# Normalizer of a subgroup of prime index

• I
• Silviu

#### Silviu

Hello! Can anyone help me with this problem?

If H is a subgroup of prime index in a finite group G, show that either N(H)=G or N(H) = H.

Thank you!

What do you know about the index of a subgroup? And where is ##N_G(H)## settled with respect to ##H## and ##G##?

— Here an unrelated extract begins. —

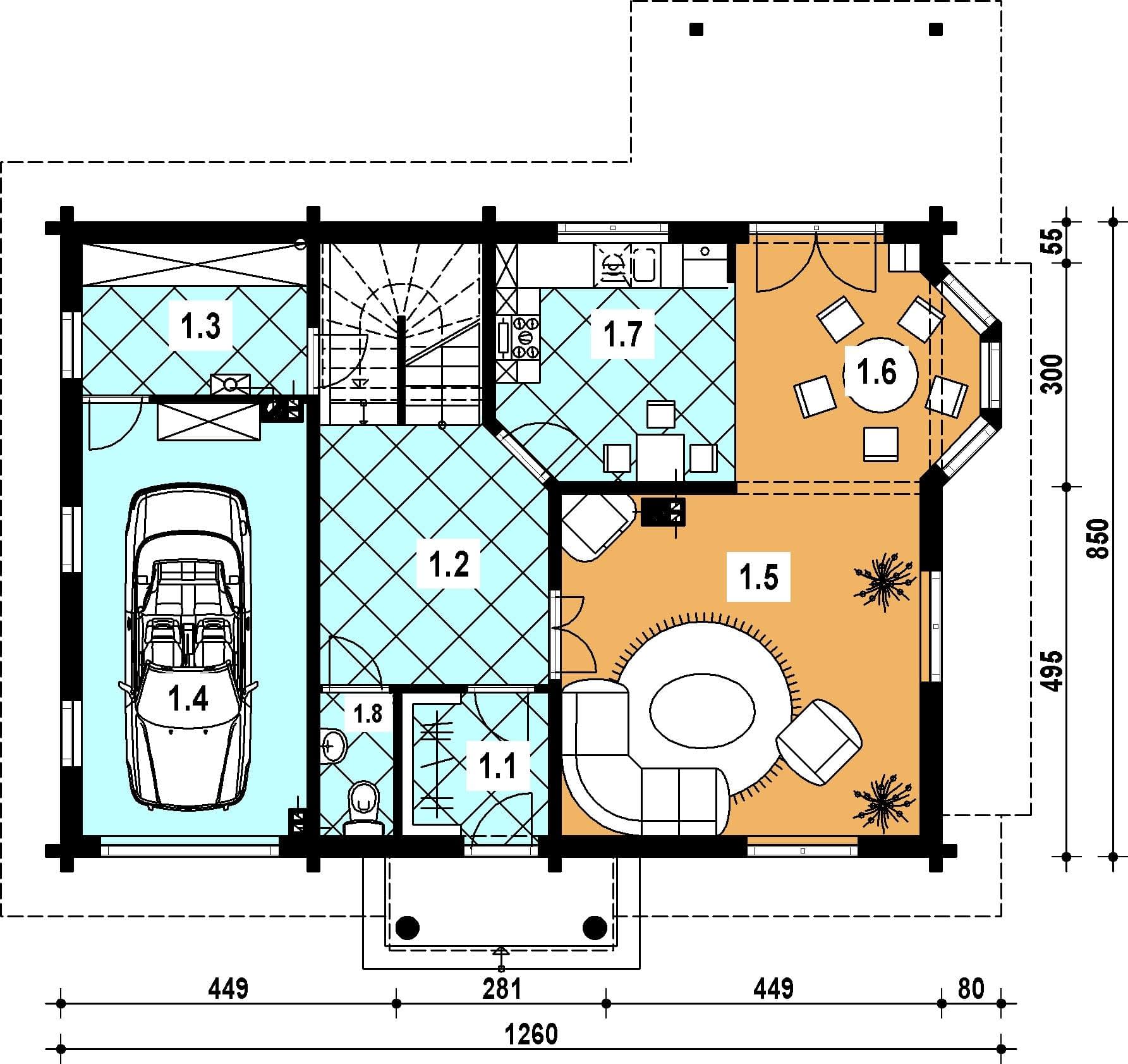 - wiatrołap 3.90 hall 13.70 kotłownia 6.50 garaż 0.00 pokój dzienny 22.30 jadalnia 9.80 kuchnia 9.90 wc 1.900
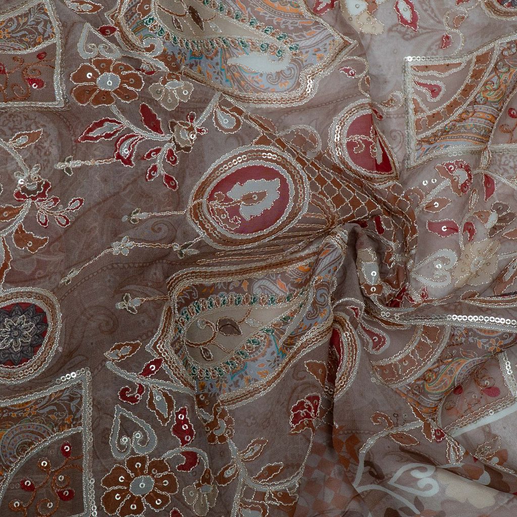 | Fabric Name | Light Brown Color Georgette Embroidered Fabric |

What do you know about the index of a subgroup? And where is ##N_G(H)## settled with respect to ##H## and ##G##?
Well as H has prime index it means it is cyclic. Also we have that p=ord(H) | ord(N) | ord(G). So we should have ord(N)=##k_1##p and ord(G)=##k_2##ord(N)=##k_1## ##k_2## p. So we have to show that either ##k_1##=1 or ##k_2##=1. This is what I got by now. But I don't know what to do next

Well as H has prime index it means it is cyclic. Also we have that p=ord(H) | ord(N) | ord(G). So we should have ord(N)=##k_1##p and ord(G)=##k_2##ord(N)=##k_1## ##k_2## p. So we have to show that either ##k_1##=1 or ##k_2##=1. This is what I got by now. But I don't know what to do next
So p=ord(H) | ord(N) | ord(G) means ##H \leq N_G(H) \leq G##. The index of ##H## is also equal to ##|G/H|##. Do you know what happens, if you factorize ##H## across these inclusions?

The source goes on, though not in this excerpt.